2.3 | Population and phylogenomic structure
We calculated the mean depth of coverage for each BAM file using Samtools. After filtering, we measured the mean depth, the frequency of missing data, and the inbreeding co-efficient, F, for each individual in the final VCF file of 30 caribou plus the reindeer using VCFtools. We performed principle component analyses in R 3.4.4 (R Development Core Team, 2006) using the packages vcfR (Knaus & Grünwald, 2017) and Adegenet (Jombart, 2008). The PCA was done on the VCF file containing all caribou and the reindeer (but not the Sitka deer). We then ran subsets of individuals on different PCA’s to gain higher resolution of different lineages (see Results).

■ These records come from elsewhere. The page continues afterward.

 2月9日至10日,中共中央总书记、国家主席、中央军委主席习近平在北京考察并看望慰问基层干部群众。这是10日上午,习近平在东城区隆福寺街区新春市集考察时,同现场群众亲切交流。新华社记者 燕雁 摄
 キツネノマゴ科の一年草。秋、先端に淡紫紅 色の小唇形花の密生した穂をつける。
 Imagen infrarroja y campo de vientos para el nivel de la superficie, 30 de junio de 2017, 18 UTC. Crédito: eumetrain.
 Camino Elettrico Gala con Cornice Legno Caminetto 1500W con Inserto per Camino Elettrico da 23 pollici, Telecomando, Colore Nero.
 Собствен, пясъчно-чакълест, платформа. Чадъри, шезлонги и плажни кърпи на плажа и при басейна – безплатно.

We used VCFkit (available here: https://vcf-kit.readthedocs.io/en/latest/, using numpy 1.14 as the programme does not work with newer versions) to generate a fasta file using the ‘phylo fasta’ command. The programme concatenates SNPs for each sample, using the first genotype of each allele, and replacing missing values with an N. We ran this on the VCF file without the Sitka deer to create an unrooted tree as including the Sitka deer pushed all caribou too closely together to discern the branches. The resulting file was input into RAxML 8 (Stamatakis, 2014), and run using the GTRGAMMA model and 1,000 bootstrap replicates. We visualised the best tree in FigTree 1.4.2 (https://github.com/rambaut/figtree). We also aligned each of the conserved mammalian genes extracted from the genomes using BUSCO (above) to construct phylogenies, from which we made a consensus tree. We used the Sitka deer outgroup to root the tree. We used MUSCLE (Edgar, 2004) to align the sequences for each individual to create a combined fasta file for each gene. We then used RAxML as above to create a gene tree for each file, and then used ASTRAL-III (Zhang, Rabiee, Sayyari, & Mirarab, 2018) to create a consensus tree which was visualised in FigTree.

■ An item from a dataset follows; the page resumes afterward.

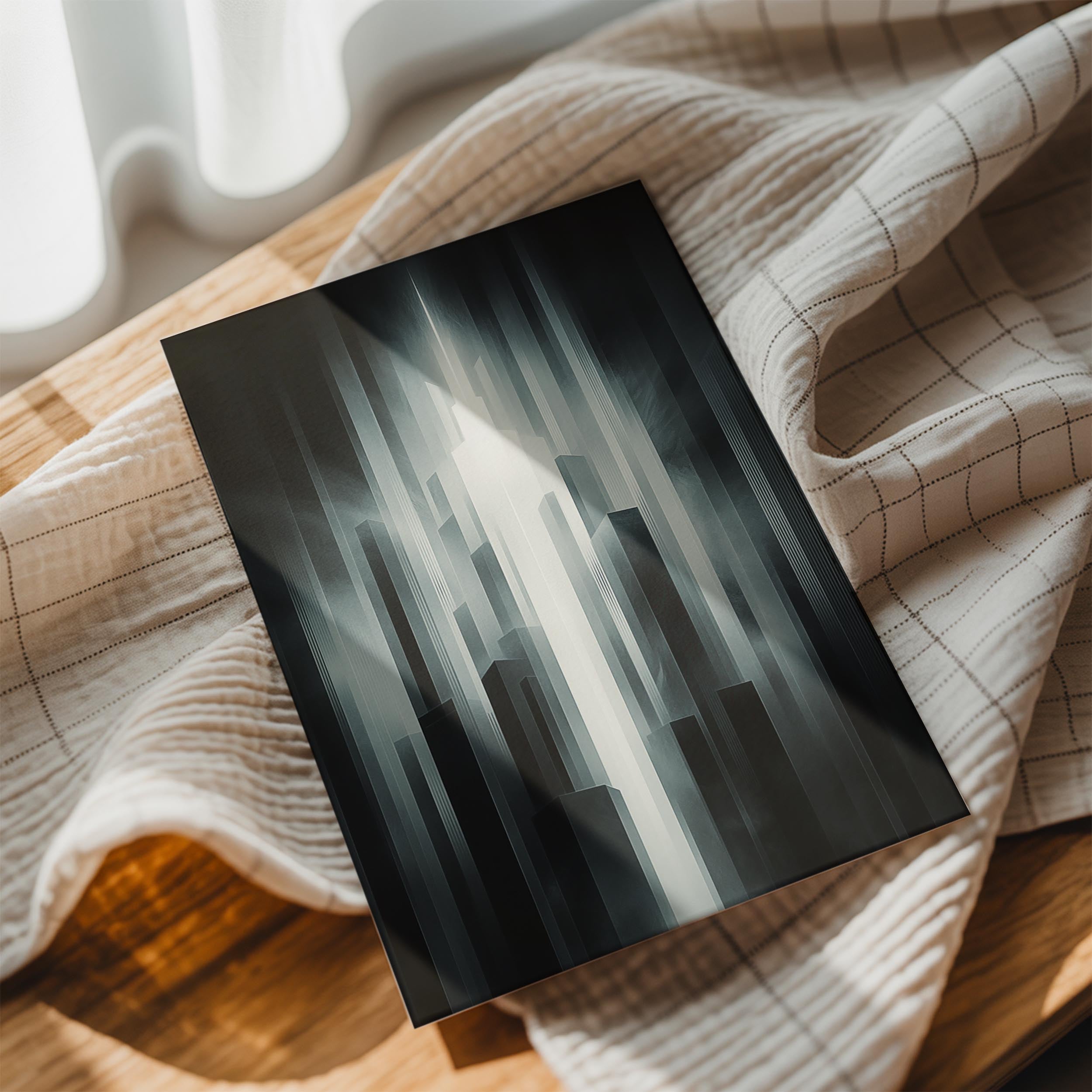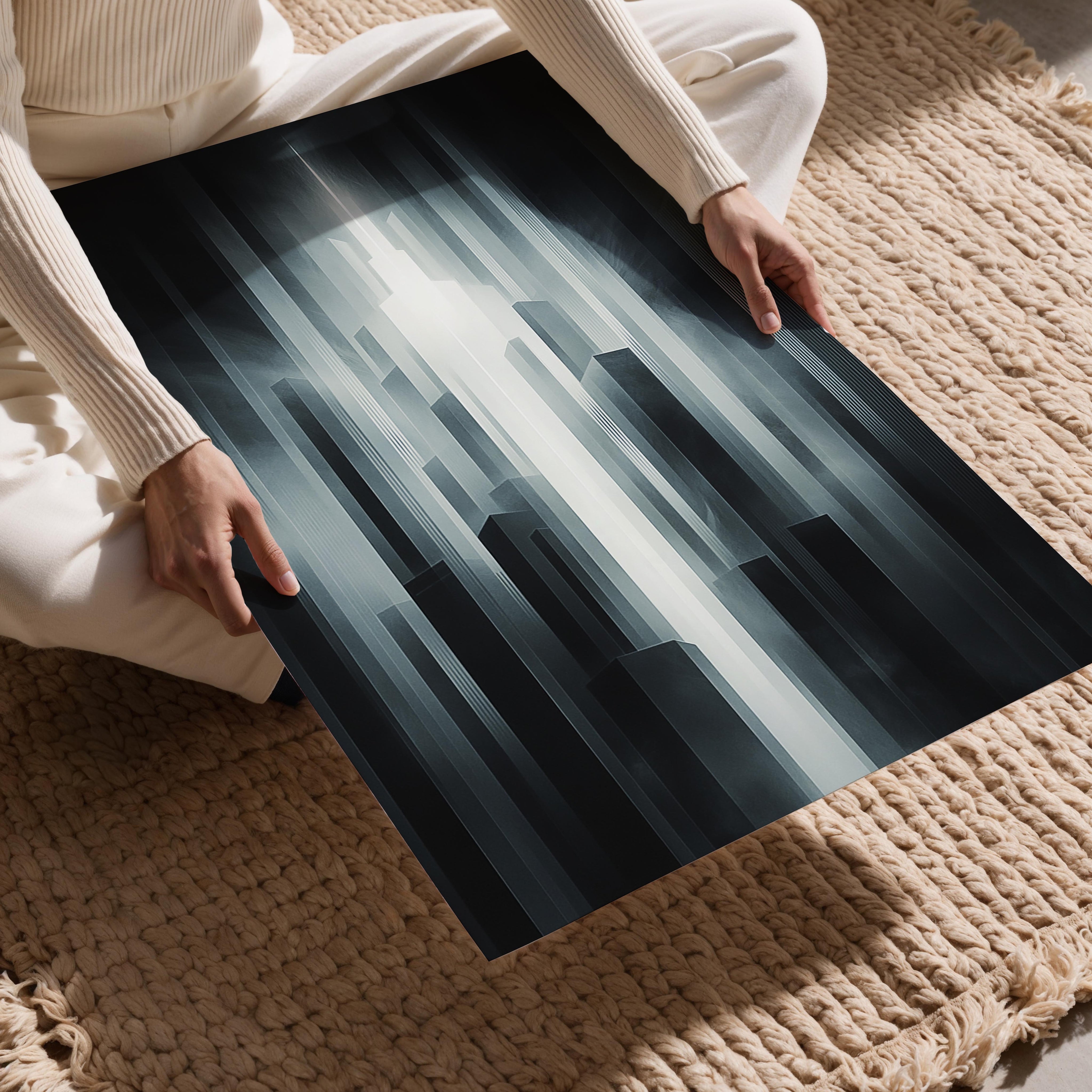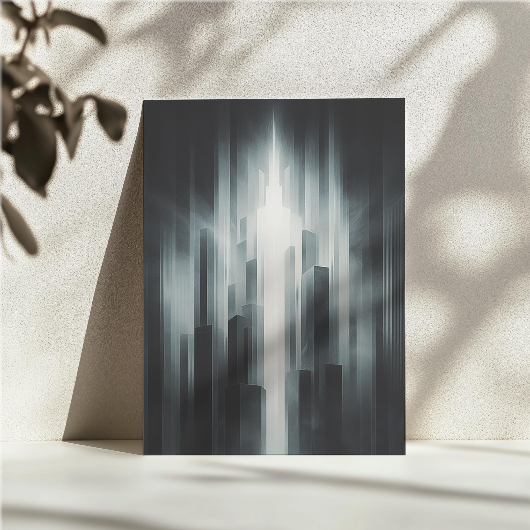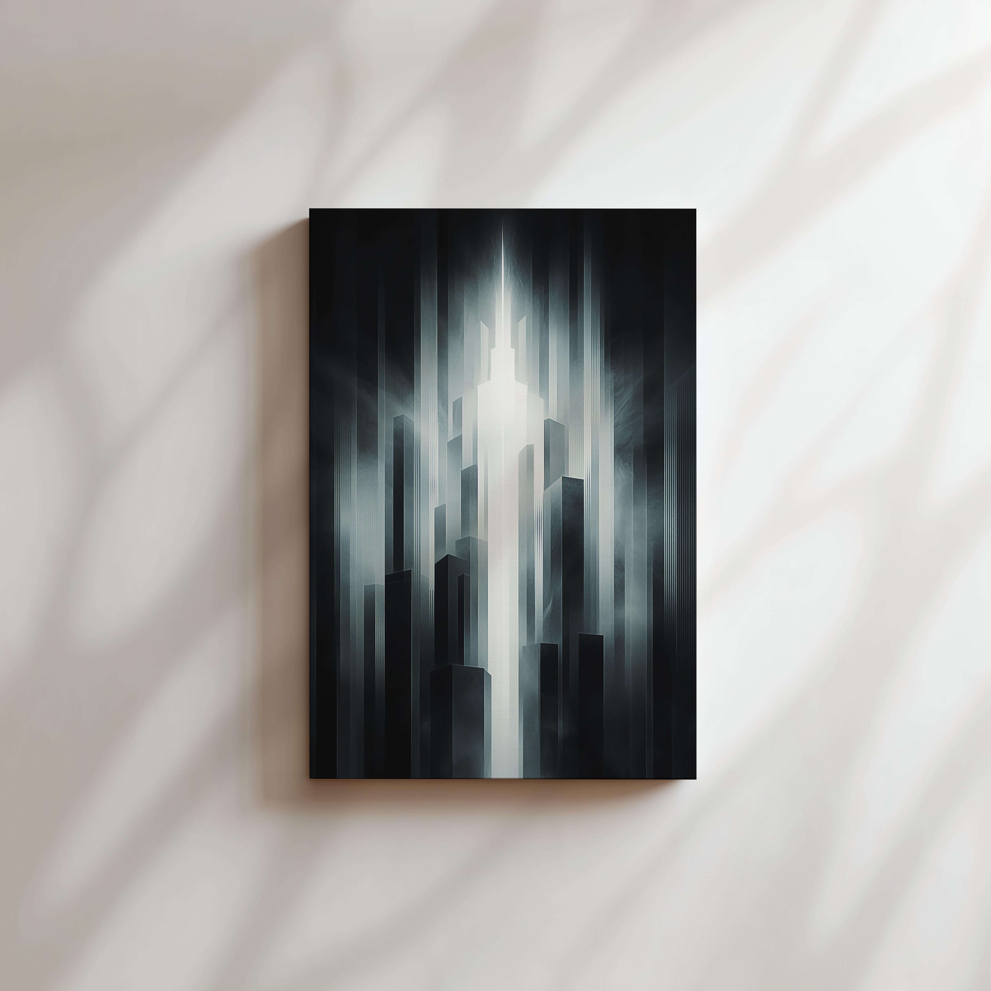 This luminous artwork depicts an imposing tower radiating light, surrounded by dark, foggy skyscrapers. The vertical composition draws the eye upward, emphasizing themes of ambition, hope, and innovation. Its sleek and minimalistic design fits well in contemporary interiors or professional workspaces. The monochrome and glowing contrasts make it a compelling addition to any collection, particularly for those who appreciate architectural aesthetics and symbolic themes of growth and light in dark settings.

We used the populations module in Stacks 2.4.1 (Catchen, Hohenlohe, Bassham, Amores, & Cresko, 2013) to convert our VCF files (both with and without the Sitka deer) into an input file for Treemix 1.13 (Pickrell & Pritchard, 2012). We ran Treemix from 0-9 migration events, with three iterations of each, grouping the SNPs in windows to account for possible linkage using a block size of 1,000 for two of the iterations and 5,000 for one of the iterations (because the OptM package, below, must have different likelihood scores between iterations). We plotted the resulting trees, and the residual plots, in RStudio 1.0.136 (RStudio Team, 2015). We then used the R package OptM (Fitak, In Review.) to calculate the second order rate of change in the log-likelihood of the different migration events (the ad hoc statistic delta M) to help infer how many migration events to visualize.